I just reviewed the Rapoo Wireless Stereo Headset H8030 the other day, and I remarked how not very often it was that I got to review a non-Bluetooth, desktop-or-laptop only headset. Well, it looks like when it rains, it pours.
Here I am again, reviewing another headset for the nth time, and it turns out it’s another desktop-or-laptop only kind. Only this time, it’s also wired, not wireless.
I’d like to introduce you to the Logitech USB Headset H540.
It’s a simple headset, really. There’s nothing else included in the box, save for a user’s guide.
First of all,the H540′s wired to connect to your computer via the USB port the old fashioned way, with a long, robust cord. No dice trying it out on your tablet or cellphone, not unless your device’s got a USB port, which I seriously doubt. (The User’s Guide advises you not to connect it to a USB hub, for that matter; I guess it has something to do with the power requirements and the boom microphone. I don’t really know.)
In a world where Bluetooth or the 2.4GHz wireless spec has taken hold, it’s kinda odd to have a wired headset. I wouldn’t put it past Logitech to have this headset made by the people behind the Rapoo-branded gear, they’re usually the culprit. But still and all, it’s kinda nice not to have to worry about sporadic dropouts in signal, which still bugs Bluetooth headsets to this day.
Second of all, the H540 is a very light headset, all shiny black plastic and nice leatherette padding. There’s none of that restrictive, hot, heavy head clasp of other headsets like the Marshall Monitor, and none of that invasive and bothersome ear-intrusion of the various in-ear models. This one is light and airy, and you can hardly notice you’re wearing it, if not for the heavy-duty, long USB cable connecting you to your computer.
The ear cushions swivel just the tiniest bit, but that’s all the movement you’re going to get from this one. The headband is nicely padded, and extends to fit most head sizes. It allows a lot of the ambient sound to come in, which isn’t really necessary since you’re just sitting in front of your computer. But it feels good on your head.
There is a rotating boom microphone placed on the right earpiece for chatting or videoconferencing, but swivels up conveniently out of the way if you’re just listening to music or watching a video on your computer. I assume that the mic’s always on, because there is a light on the cord that turns red if you place the microphone on mute, which you have to do deliberately—there is a mute button on the right earpiece for that.
It doesn’t just work if you connect it to the USB port. You have to turn on the headset and mic by setting the sound input/output to the H540 using System Preferences. (At least that’s how you do it on Macs, and I assume it’s similar for Windows PCs.) You can turn the sound up or down on your computer directly on the headset, as there are buttons for volume control on the right earpiece as well.
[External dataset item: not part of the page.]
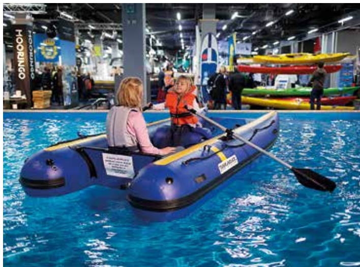
Alla är välkomna till Båtmässan i Göteborg, inte minst båtlivets nybörjare.

Tillsammans med Sportfiskarna, Fiskejournalen och Comstedt AB gör arrangörerna en storsatsning på Sportfiske som ska locka fler besökare till mässan och fler utövare till sportfisket. På mässan kommer

Let’s get to the good part: listening.
I’ve said that the H540 is a light headset, and that extends to the listening part. It reproduces music quite adequately enough, but it can’t seem to handle the top end quite well.
For example, Natalie Imbruglia’s Wrong Impression kinda turned out wrong when played on iTunes at maximum volume, and so did Jennifer Hudson’s Spotlight. The H540 did better when playing more reasonably sedate tunes, but I noticed that most songs on the higher, noisier end gave it conniptions. As long as you don’t push it to the limit though, the H540 should do just fine.
At least it played audio really well with Skype and FaceTime connections, and for general use, the H540 is a fine, light pair that you could wear for hours in front of your laptop or desktop computer. There are no signal drops or audio artifacts to speak of, as the headset, after all, is wired, which is an easy, if a bit cumbersome, tradeoff.
If you want one, the Logitech USB Headset H540 is now available at most computer accessory stores or audio shops, and goes for P2,580.00.